I have a User who receives an excel spreadsheet via email froman external vendor.
when she saves the file to our server, then opens the XLS she gets a " printer setup" dialogue window. however when I open it from the same location I do not get the printer window.

on checking her printer settings she has a printer set up, and her printer has the same settings as I have,as far asModel, printer type, paper orientation and paper size.

can anyone suggest what else i may need to check for to resolve this issue. 
I have considered removing all printers and see what result that has.

also could something be being saved in the document before we receive it that would be expecting a particular setup or printer when the file is opened?
(please be gentle with me this is my first posting,and i may not have covered)


----------



## Sporadic (Jun 16, 2009)

Is this file the only type of file that attempts to get her to print? Or do other file types do the same thing?? Also Do you have the same verison of everything that she does.. in other words do you have the same system specs as her?


----------



## computerman29642 (Dec 4, 2007)

Is there any VBA code within the workbook?


----------



## VMA_support (Jul 7, 2009)

In responce to all your suggestions:
Yes the PC's and OS, and office versions are all the same.
we have a standard environment ( not that that means much in some cases as 2 identical PC's will perfomr differently) but in this case appsmand Versions etc are the same....

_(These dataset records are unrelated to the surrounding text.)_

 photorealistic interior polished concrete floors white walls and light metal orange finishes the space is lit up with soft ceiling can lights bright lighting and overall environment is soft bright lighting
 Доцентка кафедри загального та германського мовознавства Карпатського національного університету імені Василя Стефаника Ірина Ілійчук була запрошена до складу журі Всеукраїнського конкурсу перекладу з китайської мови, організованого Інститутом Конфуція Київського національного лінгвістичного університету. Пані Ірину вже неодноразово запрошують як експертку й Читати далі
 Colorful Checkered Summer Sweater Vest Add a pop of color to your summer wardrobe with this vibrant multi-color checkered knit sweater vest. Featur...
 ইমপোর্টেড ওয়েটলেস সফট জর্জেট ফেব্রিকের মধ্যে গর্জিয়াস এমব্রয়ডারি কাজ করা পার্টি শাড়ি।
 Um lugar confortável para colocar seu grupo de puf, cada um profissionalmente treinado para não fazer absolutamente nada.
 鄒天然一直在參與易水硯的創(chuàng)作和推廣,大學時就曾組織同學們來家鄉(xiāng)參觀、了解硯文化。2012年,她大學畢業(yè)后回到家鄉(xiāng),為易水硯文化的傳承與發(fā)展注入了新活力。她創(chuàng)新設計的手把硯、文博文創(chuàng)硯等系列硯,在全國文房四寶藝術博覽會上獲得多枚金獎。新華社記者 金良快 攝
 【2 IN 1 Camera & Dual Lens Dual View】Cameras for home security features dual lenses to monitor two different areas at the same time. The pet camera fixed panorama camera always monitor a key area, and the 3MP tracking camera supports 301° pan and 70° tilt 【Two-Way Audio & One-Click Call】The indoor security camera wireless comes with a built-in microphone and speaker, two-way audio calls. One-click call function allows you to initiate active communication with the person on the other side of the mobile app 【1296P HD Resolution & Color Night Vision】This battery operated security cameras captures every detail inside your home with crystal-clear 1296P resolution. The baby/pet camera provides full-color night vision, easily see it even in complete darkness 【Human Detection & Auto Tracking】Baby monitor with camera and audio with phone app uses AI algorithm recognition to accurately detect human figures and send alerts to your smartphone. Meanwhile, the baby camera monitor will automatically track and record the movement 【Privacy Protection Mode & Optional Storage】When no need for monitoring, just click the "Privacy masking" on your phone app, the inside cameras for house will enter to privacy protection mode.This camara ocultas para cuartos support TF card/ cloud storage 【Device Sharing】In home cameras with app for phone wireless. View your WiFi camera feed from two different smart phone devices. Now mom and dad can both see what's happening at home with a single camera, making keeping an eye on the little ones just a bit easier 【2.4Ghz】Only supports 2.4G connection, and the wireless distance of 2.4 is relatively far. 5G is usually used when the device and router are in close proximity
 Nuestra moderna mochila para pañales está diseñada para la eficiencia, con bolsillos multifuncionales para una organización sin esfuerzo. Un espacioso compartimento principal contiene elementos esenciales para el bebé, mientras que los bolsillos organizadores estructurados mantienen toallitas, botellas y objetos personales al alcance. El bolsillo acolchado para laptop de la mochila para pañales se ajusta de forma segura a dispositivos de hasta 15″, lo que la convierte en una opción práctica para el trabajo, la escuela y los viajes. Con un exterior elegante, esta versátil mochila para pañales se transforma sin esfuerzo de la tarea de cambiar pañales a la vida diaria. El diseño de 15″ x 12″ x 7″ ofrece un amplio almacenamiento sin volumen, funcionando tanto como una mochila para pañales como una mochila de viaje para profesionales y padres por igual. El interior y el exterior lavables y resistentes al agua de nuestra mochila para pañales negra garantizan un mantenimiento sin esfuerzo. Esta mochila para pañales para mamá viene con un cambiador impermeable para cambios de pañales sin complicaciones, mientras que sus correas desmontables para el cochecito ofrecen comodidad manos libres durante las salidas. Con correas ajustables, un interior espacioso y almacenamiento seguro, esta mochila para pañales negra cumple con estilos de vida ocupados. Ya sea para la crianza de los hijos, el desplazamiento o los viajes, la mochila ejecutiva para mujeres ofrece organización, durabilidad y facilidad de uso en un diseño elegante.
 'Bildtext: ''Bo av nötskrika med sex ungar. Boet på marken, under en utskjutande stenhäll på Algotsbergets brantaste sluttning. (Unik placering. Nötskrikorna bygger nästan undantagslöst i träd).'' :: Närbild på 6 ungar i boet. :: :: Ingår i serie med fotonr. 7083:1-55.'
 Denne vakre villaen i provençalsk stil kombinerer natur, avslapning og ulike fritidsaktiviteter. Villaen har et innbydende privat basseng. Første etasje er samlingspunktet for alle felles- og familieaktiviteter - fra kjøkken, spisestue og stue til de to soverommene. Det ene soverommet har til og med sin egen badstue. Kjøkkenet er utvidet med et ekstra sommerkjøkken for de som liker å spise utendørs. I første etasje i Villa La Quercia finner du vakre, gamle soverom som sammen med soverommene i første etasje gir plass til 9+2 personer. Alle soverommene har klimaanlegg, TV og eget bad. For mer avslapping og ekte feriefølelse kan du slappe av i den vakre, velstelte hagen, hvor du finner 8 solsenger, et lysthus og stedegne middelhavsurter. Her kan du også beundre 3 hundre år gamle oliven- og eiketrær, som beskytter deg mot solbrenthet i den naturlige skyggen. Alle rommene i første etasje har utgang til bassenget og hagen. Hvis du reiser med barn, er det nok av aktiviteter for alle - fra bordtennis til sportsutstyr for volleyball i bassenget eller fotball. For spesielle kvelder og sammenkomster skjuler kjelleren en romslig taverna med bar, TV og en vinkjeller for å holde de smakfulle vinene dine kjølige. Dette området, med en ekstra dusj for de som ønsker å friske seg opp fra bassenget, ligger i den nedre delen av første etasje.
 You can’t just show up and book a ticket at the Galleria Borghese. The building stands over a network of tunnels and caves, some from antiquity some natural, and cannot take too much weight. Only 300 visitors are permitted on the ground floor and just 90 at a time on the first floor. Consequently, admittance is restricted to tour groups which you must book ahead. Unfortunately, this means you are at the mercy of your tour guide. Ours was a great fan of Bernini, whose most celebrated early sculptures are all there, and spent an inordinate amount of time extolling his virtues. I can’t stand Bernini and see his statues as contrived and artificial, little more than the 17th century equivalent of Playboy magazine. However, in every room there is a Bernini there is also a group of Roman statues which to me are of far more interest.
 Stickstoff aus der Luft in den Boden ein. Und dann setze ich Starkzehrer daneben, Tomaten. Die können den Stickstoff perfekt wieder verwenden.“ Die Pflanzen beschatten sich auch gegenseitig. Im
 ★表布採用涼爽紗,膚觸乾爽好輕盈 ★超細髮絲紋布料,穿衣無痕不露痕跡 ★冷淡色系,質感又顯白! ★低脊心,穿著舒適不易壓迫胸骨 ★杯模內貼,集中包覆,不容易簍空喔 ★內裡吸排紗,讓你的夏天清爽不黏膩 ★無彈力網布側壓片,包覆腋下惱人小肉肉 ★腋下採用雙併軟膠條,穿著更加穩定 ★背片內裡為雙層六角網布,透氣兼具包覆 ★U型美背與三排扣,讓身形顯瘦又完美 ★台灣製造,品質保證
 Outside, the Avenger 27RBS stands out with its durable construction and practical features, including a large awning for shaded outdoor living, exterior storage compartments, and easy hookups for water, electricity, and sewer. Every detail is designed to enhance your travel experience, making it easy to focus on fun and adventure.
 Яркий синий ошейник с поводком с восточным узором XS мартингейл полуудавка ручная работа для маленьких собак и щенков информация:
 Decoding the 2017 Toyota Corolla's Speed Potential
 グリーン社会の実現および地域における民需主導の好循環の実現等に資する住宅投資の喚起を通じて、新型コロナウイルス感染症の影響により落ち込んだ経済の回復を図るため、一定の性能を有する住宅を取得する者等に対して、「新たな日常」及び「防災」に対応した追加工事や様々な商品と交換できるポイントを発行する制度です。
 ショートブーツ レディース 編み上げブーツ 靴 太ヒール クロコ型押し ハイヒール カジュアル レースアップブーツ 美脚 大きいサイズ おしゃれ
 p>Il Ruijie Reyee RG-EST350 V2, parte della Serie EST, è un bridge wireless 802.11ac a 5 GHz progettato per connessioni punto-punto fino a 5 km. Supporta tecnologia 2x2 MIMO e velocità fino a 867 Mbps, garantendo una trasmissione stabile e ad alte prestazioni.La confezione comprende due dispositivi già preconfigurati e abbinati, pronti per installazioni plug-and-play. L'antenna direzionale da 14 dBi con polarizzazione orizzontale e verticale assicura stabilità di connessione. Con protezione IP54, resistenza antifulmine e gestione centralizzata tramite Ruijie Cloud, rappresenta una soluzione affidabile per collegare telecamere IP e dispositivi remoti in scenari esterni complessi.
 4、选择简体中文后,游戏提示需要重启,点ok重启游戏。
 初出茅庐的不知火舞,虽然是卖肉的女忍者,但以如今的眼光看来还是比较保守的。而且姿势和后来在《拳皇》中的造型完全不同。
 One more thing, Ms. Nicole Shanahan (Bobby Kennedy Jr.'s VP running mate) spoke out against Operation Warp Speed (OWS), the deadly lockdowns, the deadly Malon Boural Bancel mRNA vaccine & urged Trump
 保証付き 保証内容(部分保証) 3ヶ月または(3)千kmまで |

As far as VBA in the file. I will have to check, and Yes ths is the only file of any type that ask for a pritner setup. Xls. or otherwise


----------



## Sporadic (Jun 16, 2009)

If she saves it to her hard disk and attempts to open it from there does it do the same thing?? Does right-clicking and selecting open with Excel result in the printer thing still comming up?


----------



## slurpee55 (Oct 20, 2004)

VBA seems most likely. The only other thing that comes to mind - and it seems farfetched - is that she does not have her printer set as her default printer. Excel "looks" for the default printer in order to understand how the printed version will look in print preview.


----------



## VMA_support (Jul 7, 2009)

Thanks for all your assistance, it seems that whatever was the cause is no longer occuring in the recent files we have received... Another mystery to add to the Cornucopia of MSoffice What the's...


----------



## alucard13666 (Jul 21, 2009)

I had a similar problem as well with an Excel sheet a user had downloaded from the internet. It wound up being the default printer he was using. If I would switch it from what he had to something else the dialog box would go away. I ended up just deleting and re-adding the printer that was causing the problem and it fixed this. Hope this helps if it resurfaces for you.


----------